**ABOUT THIS EXERCISE**
Pictures are to be left out, and only the lines below starting at the one with "(точки 1, 2, 3, 4)." and ending at the one with "int mem_addr = [ icode" are to be reproduced, each exactly, both ends included.

**RECORD EXCERPTS**
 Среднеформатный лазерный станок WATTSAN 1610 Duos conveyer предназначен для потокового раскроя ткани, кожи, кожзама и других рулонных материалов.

--

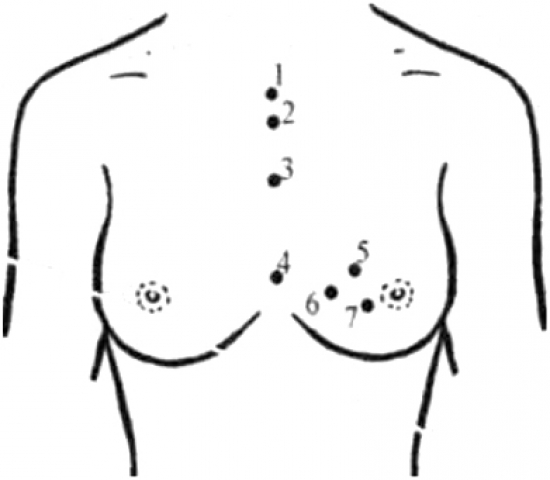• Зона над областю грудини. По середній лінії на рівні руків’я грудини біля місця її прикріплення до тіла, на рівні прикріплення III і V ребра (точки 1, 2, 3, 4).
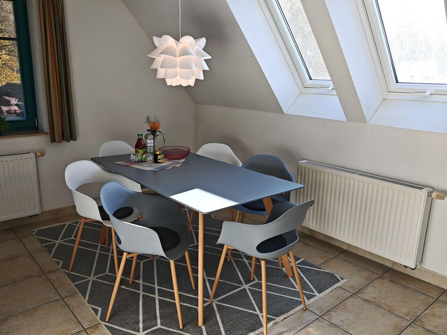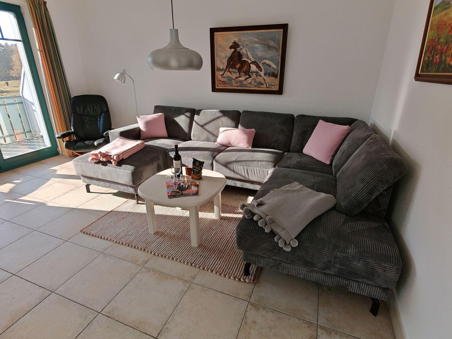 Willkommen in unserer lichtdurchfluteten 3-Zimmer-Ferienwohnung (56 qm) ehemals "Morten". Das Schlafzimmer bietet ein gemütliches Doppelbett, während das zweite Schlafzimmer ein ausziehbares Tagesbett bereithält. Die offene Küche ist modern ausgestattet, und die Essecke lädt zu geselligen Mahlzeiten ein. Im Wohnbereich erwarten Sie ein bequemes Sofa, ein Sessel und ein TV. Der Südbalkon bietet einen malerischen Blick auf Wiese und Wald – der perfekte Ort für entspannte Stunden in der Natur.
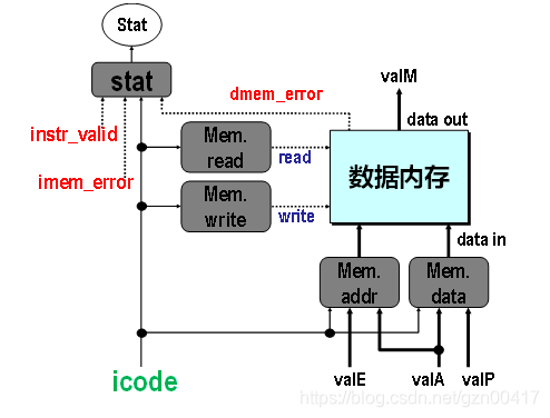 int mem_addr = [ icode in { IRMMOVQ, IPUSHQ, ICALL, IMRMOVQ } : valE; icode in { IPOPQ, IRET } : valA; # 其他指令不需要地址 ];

--

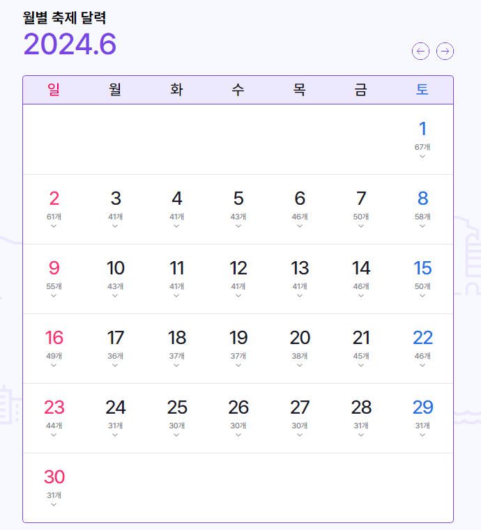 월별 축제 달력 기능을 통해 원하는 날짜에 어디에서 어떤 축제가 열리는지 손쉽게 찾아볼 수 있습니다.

**RESPONSE BOX**
• Зона над областю грудини. По середній лінії на рівні руків’я грудини біля місця її прикріплення до тіла, на рівні прикріплення III і V ребра (точки 1, 2, 3, 4).
 Willkommen in unserer lichtdurchfluteten 3-Zimmer-Ferienwohnung (56 qm) ehemals "Morten". Das Schlafzimmer bietet ein gemütliches Doppelbett, während das zweite Schlafzimmer ein ausziehbares Tagesbett bereithält. Die offene Küche ist modern ausgestattet, und die Essecke lädt zu geselligen Mahlzeiten ein. Im Wohnbereich erwarten Sie ein bequemes Sofa, ein Sessel und ein TV. Der Südbalkon bietet einen malerischen Blick auf Wiese und Wald – der perfekte Ort für entspannte Stunden in der Natur.
 int mem_addr = [ icode in { IRMMOVQ, IPUSHQ, ICALL, IMRMOVQ } : valE; icode in { IPOPQ, IRET } : valA; # 其他指令不需要地址 ];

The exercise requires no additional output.